= Goal of the exercise =
Produce a word-for-word copy of the line that contains "當(dāng)股價(jià)" and each line after it through the end of the material, omitting pictures and all other lines.
========
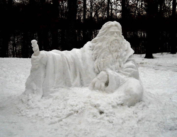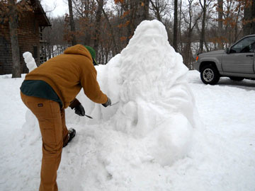 Also in the news this month, the recent blizzard across the Midwest left about 2 feet of snow on the ground that I felt I should do something with. So, I sculpted a snowman. The media picked it up and I appeared on television and in a
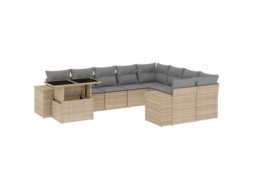 10dílná zahradní sedací souprava s poduškami béžová polyratan 3269399
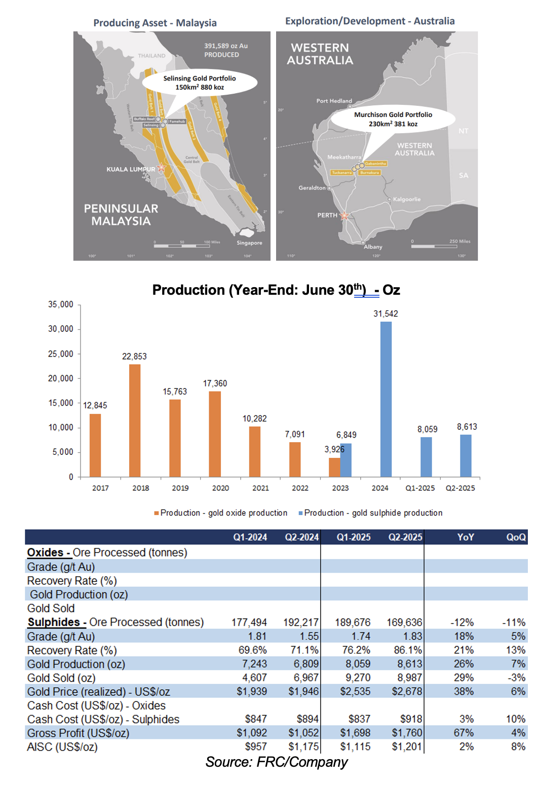 Owns a producing gold mine in Malaysia, and exploration projects in Western Australia. Total compliant resources of over 1.2 Moz Au
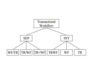 This document discusses transactional workflows from both a conceptual and language perspective. Conceptually, transactional workflows can be modeled either as separate transaction and workflow models combined, or as a single integrated transactional workflow model. From a language perspective, transactional workflows can be specified using separate transaction definition and workflow definition languages, or an integrated transactional workflow definition language. The document outlines different approaches to relating these models and languages and the advantages of using transactional workflows.
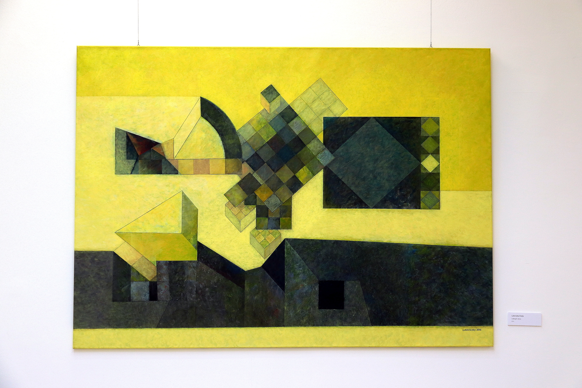 Lukoviczky Endre festő, grafikus a főiskola elvégzése után sokszorosított grafikával, 1981-től szitanyomással foglalkozott. Festményeit az orosz avantgárd konstruktivista iránya és a szuprematizmus alakította. Felismerhető formái elvont terekben lebegnek, írásjelei absztrakt alakzatokként jelennek meg művein. Gyakran sokszögű képformák nyílásaiban, kép a képben kompozíciós modulban fogalmaz.
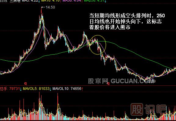 當(dāng)股價(jià)有效跌破250日均線(xiàn)后要馬上離場(chǎng)。因?yàn)?50日均線(xiàn)一旦被跌破,就標(biāo)志著股指或股價(jià)就此走熊,至于能跌到哪里去誰(shuí)也無(wú)法預(yù)料,所以只有盡快出局才能少受損失。
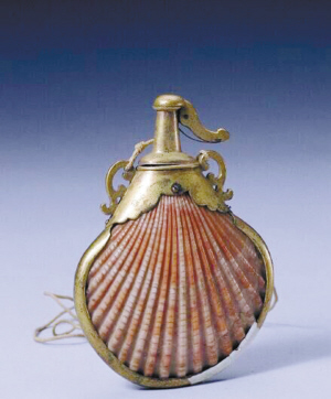 清王朝以弓馬得天下,皇帝每年都會(huì)到圍場(chǎng)射獵,以示不忘祖宗家法,所以清代皇帝對(duì)使用火槍都很熟諳。內(nèi)務(wù)府造辦處也因此制造了大量的火藥袋,作為宮廷的專用物品。造辦處在制作工藝上,也揉入了不少西方元素,器形既有東方典雅,又有西式韻味。如用皮革做成扇貝狀的革囊,口部則是西式的銅按鈕,可蓋緊及控制傾倒的藥量;蛘甙颜麄(gè)牛角鏤空,外面雕刻及鑲嵌各種紋飾,炫示皇家的豪闊排場(chǎng),以奇思巧作的藝術(shù)裝飾效果,彰顯細(xì)節(jié)趣味。
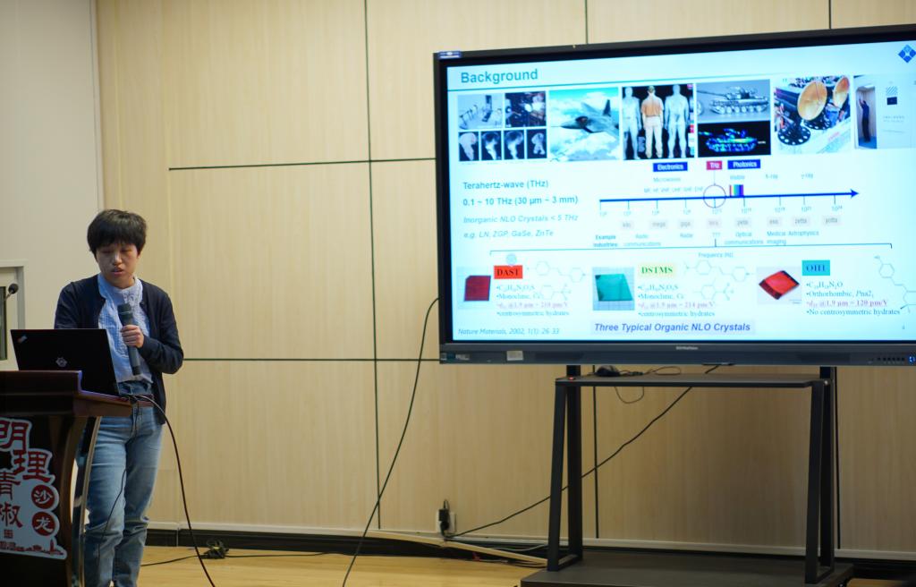 张馨元作“可用于太赫兹波产生和探测的吲哚基非线性光学晶体材料探索”报告,分析了此类晶体的组成结构设计策略。该研究通过一系列表征与性能测试评估了其在太赫兹辐射产生与探测领域的应用前景。
========
= Solution to this problem =
 當(dāng)股價(jià)有效跌破250日均線(xiàn)后要馬上離場(chǎng)。因?yàn)?50日均線(xiàn)一旦被跌破,就標(biāo)志著股指或股價(jià)就此走熊,至于能跌到哪里去誰(shuí)也無(wú)法預(yù)料,所以只有盡快出局才能少受損失。
 清王朝以弓馬得天下,皇帝每年都會(huì)到圍場(chǎng)射獵,以示不忘祖宗家法,所以清代皇帝對(duì)使用火槍都很熟諳。內(nèi)務(wù)府造辦處也因此制造了大量的火藥袋,作為宮廷的專用物品。造辦處在制作工藝上,也揉入了不少西方元素,器形既有東方典雅,又有西式韻味。如用皮革做成扇貝狀的革囊,口部則是西式的銅按鈕,可蓋緊及控制傾倒的藥量;蛘甙颜麄(gè)牛角鏤空,外面雕刻及鑲嵌各種紋飾,炫示皇家的豪闊排場(chǎng),以奇思巧作的藝術(shù)裝飾效果,彰顯細(xì)節(jié)趣味。
 张馨元作“可用于太赫兹波产生和探测的吲哚基非线性光学晶体材料探索”报告,分析了此类晶体的组成结构设计策略。该研究通过一系列表征与性能测试评估了其在太赫兹辐射产生与探测领域的应用前景。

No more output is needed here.